» Exercise
Locate the line that contains "Circle of William" in the entries below, then repeat it and every following line through the line that contains "Enhance your space", exactly, and no others.

» Dataset records
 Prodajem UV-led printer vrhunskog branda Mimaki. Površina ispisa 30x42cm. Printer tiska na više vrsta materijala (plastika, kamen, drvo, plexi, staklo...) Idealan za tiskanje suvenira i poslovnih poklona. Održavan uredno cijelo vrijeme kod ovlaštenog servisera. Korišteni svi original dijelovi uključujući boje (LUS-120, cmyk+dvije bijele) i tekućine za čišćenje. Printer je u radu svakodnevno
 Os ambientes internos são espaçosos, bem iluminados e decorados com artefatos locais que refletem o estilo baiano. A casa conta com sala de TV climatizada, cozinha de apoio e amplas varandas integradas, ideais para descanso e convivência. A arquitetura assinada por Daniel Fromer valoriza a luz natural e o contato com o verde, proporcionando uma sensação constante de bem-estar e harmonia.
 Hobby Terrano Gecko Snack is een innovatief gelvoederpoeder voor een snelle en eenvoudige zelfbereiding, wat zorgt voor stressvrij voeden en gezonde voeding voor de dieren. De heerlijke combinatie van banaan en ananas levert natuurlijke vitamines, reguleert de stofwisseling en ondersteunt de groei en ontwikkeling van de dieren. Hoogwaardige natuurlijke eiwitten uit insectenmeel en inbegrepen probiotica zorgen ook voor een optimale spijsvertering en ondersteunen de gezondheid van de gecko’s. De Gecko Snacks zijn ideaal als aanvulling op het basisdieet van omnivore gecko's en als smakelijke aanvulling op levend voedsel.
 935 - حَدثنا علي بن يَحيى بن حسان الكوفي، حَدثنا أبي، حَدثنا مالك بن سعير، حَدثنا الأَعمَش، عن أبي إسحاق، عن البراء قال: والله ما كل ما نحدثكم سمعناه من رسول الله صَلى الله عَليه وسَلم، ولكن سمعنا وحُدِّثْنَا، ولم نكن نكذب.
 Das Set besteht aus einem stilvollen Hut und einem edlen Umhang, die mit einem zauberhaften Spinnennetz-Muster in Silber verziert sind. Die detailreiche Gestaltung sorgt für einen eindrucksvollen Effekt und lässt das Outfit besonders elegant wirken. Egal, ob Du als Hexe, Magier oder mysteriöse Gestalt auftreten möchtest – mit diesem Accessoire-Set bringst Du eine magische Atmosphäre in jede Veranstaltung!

==

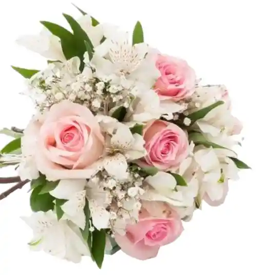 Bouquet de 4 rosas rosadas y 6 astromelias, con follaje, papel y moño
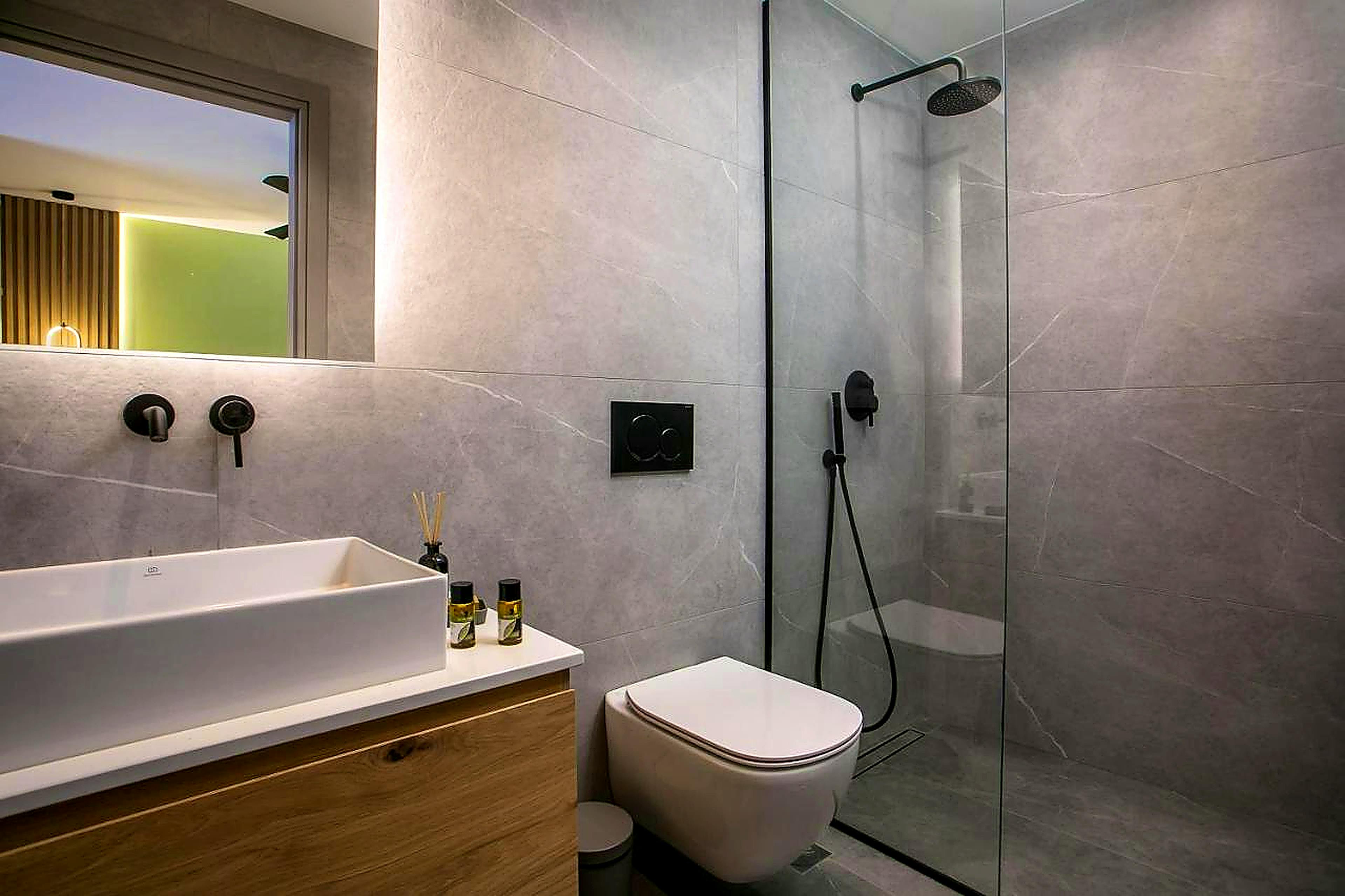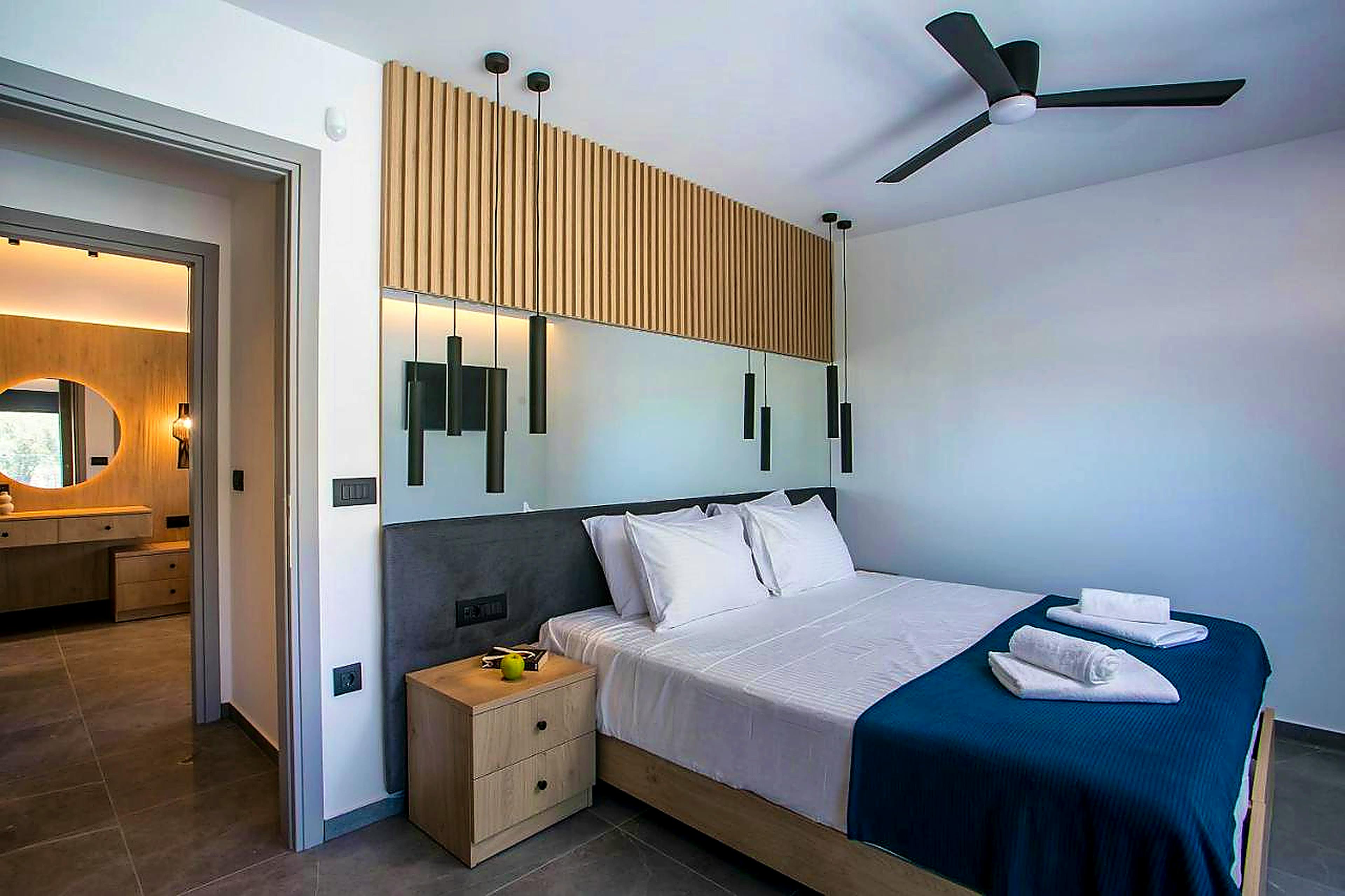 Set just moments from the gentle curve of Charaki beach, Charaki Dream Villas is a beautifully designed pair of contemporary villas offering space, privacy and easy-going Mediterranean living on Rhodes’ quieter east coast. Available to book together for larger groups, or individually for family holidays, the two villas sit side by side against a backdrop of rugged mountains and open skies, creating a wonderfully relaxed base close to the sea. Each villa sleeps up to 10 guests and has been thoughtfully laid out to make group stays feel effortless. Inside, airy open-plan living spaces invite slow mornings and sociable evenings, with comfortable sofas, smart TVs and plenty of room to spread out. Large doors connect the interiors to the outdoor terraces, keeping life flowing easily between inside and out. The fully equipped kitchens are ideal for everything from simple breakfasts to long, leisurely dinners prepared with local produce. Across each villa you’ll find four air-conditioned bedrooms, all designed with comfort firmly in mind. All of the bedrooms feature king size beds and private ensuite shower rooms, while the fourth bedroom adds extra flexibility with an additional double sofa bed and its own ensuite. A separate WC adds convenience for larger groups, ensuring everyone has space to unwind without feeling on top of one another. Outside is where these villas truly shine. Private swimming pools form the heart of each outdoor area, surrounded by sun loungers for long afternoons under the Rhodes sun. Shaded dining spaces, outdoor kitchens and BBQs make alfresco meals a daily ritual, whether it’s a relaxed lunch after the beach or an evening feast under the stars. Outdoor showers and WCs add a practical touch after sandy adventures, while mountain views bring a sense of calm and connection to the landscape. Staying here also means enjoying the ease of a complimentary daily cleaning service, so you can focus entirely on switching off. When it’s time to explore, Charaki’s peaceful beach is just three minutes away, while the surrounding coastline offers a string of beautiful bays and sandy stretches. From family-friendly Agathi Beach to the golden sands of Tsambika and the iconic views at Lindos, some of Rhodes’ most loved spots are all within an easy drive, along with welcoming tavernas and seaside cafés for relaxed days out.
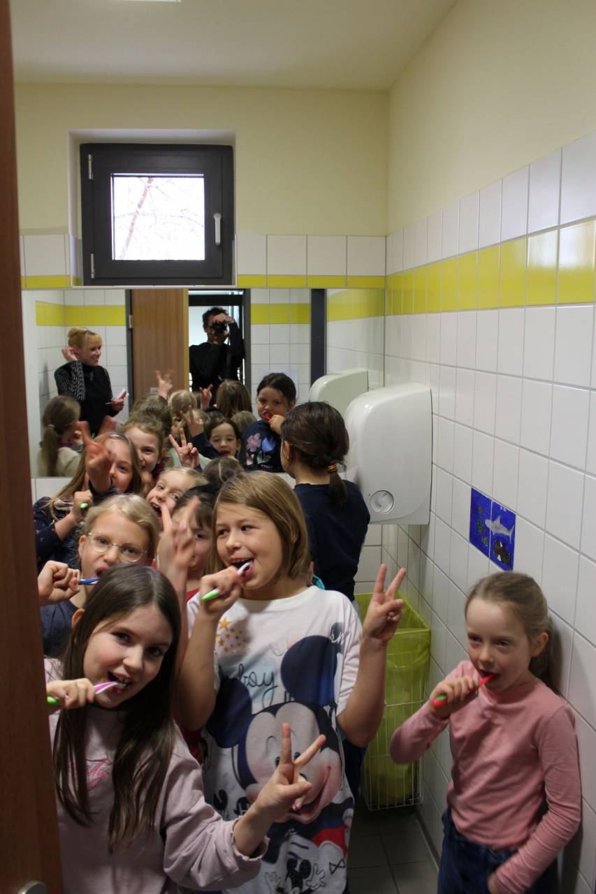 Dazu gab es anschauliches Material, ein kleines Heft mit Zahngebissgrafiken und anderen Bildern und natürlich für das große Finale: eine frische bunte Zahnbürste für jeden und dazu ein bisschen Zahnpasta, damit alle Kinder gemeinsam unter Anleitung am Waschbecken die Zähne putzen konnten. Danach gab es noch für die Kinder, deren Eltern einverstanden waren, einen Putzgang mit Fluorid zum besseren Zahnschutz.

--

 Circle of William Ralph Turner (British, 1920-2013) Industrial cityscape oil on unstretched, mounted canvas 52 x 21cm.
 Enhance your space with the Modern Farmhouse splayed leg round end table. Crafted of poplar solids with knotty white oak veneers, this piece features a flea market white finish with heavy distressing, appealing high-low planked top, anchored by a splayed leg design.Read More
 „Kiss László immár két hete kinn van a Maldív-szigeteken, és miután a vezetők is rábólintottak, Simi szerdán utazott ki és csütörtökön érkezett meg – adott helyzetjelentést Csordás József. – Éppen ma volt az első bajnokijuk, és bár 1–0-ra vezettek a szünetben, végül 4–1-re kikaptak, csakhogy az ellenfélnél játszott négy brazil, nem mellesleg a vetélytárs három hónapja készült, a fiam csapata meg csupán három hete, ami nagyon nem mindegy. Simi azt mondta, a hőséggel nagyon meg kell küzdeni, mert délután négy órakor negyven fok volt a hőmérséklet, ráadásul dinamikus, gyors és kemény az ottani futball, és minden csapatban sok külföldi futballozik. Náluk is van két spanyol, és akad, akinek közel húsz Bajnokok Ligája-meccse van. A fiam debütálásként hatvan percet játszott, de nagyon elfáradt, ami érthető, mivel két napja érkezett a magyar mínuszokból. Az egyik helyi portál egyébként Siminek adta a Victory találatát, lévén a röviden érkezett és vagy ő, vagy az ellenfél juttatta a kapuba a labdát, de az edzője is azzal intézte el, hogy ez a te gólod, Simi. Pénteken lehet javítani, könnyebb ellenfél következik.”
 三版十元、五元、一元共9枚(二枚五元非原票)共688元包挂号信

» Result below
 Circle of William Ralph Turner (British, 1920-2013) Industrial cityscape oil on unstretched, mounted canvas 52 x 21cm.
 Enhance your space with the Modern Farmhouse splayed leg round end table. Crafted of poplar solids with knotty white oak veneers, this piece features a flea market white finish with heavy distressing, appealing high-low planked top, anchored by a splayed leg design.Read More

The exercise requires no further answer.